▶ **Required work**: Would you output the following records verbatim and skip the images in them?

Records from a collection
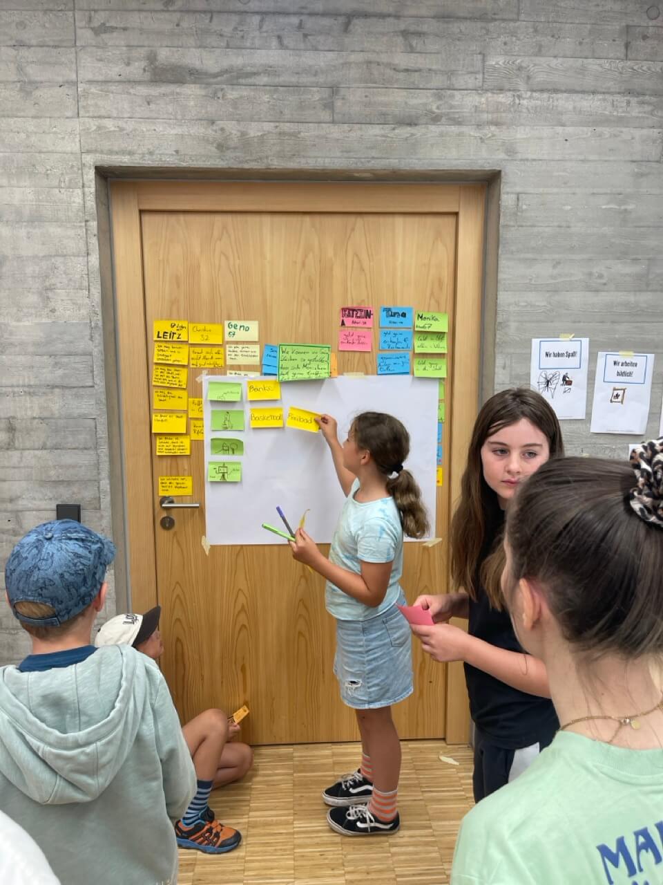 Innovationssansatz Design Thinking. Die Kinder erleben in den Workshops und Projekten eine offene Art des Denkens und Lernens. Sie arbeiten im Team, tauchen in die Aufgabenstellung tief ein, führen Interviews und erfahren so die Perspektive von anderen Menschen kennen, sie entwickeln vielfältige Ideen, bauen kreative Prototypen und testen und präsentieren diese den zukünftigen Nutzergruppen.
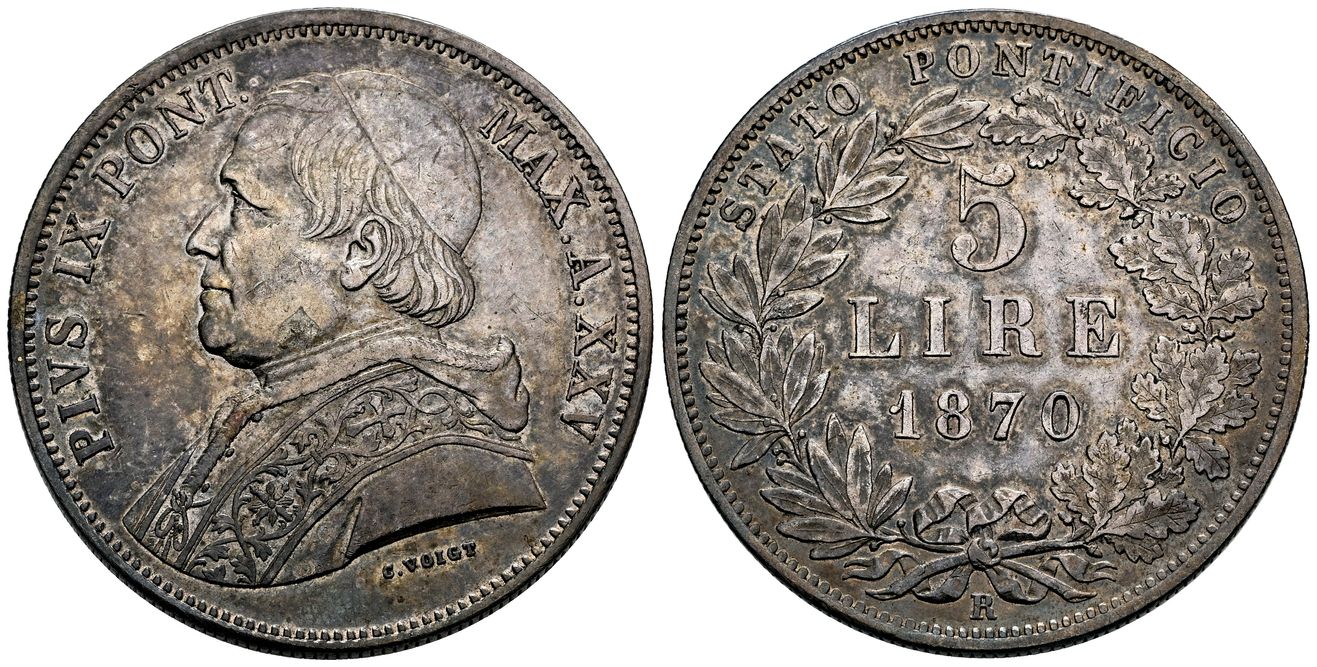 Italia. Estados Papales. Pío IX. 5 lire. 1870 (Anno XXV). Roma. R. (Km-1385). (Mont-363). (Pagani-549). Ag. 24,97 g. Ligera pátina. MBC+. Est...75,00.
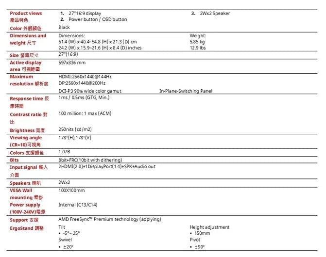 27吋/2K/200Hz/0.5ms/HDMI/DP/IPS
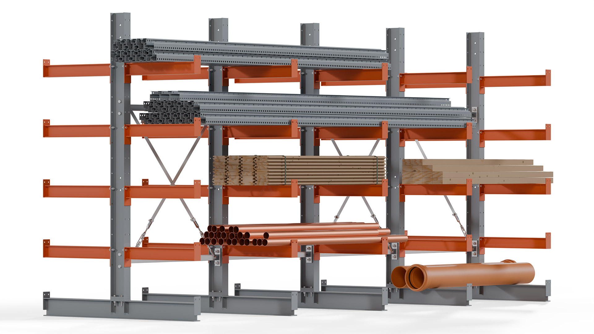 Kragarmregale bieten höchste Flexibilität, um unterschiedlichen Lageranforderungen gerecht zu werden. Auf Anfrage sind Höhen bis 12 Meter und Nutztiefen bis 3 Meter möglich, sowohl für einseitige als auch doppelseitige Ausführungen. Damit steht eine Lösung für nahezu jede Lagerumgebung zur Verfügung.
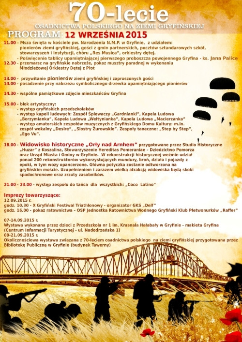 Sobotnie widowisko będzie głównym punktem obchodów 70-lecia Osadnictwa Polskiego na Ziemi Gryfińskiej. Oprócz inscenizacji zaplanowano także występy artystyczne, pokaz musztry paradnej, okolicznościowe wystawy. Szczegóły na www.gdk.com.pl
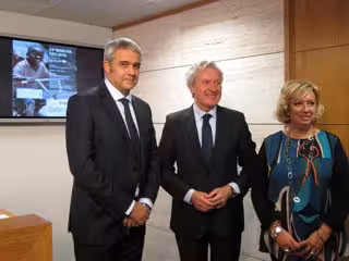El consejero de Presidencia y Justicia, Emilio del Río, el presidente del Comité de UNICEF en La Rioja, Juan Carlos Castroviejo, y la secretaria general técnica de la Consejería de Presidencia y Justicia, Elisa Torrecilla han presentado esta mañana la XXIII Marcha Ciclista UNICEF que se celebra el próximo domingo, 19 de octubre, y que cuenta con la colaboración del Gobierno de La Rioja.

▶ **Answer to this task**:
 Innovationssansatz Design Thinking. Die Kinder erleben in den Workshops und Projekten eine offene Art des Denkens und Lernens. Sie arbeiten im Team, tauchen in die Aufgabenstellung tief ein, führen Interviews und erfahren so die Perspektive von anderen Menschen kennen, sie entwickeln vielfältige Ideen, bauen kreative Prototypen und testen und präsentieren diese den zukünftigen Nutzergruppen.
 Italia. Estados Papales. Pío IX. 5 lire. 1870 (Anno XXV). Roma. R. (Km-1385). (Mont-363). (Pagani-549). Ag. 24,97 g. Ligera pátina. MBC+. Est...75,00.
 27吋/2K/200Hz/0.5ms/HDMI/DP/IPS
 Kragarmregale bieten höchste Flexibilität, um unterschiedlichen Lageranforderungen gerecht zu werden. Auf Anfrage sind Höhen bis 12 Meter und Nutztiefen bis 3 Meter möglich, sowohl für einseitige als auch doppelseitige Ausführungen. Damit steht eine Lösung für nahezu jede Lagerumgebung zur Verfügung.
 Sobotnie widowisko będzie głównym punktem obchodów 70-lecia Osadnictwa Polskiego na Ziemi Gryfińskiej. Oprócz inscenizacji zaplanowano także występy artystyczne, pokaz musztry paradnej, okolicznościowe wystawy. Szczegóły na www.gdk.com.pl
El consejero de Presidencia y Justicia, Emilio del Río, el presidente del Comité de UNICEF en La Rioja, Juan Carlos Castroviejo, y la secretaria general técnica de la Consejería de Presidencia y Justicia, Elisa Torrecilla han presentado esta mañana la XXIII Marcha Ciclista UNICEF que se celebra el próximo domingo, 19 de octubre, y que cuenta con la colaboración del Gobierno de La Rioja.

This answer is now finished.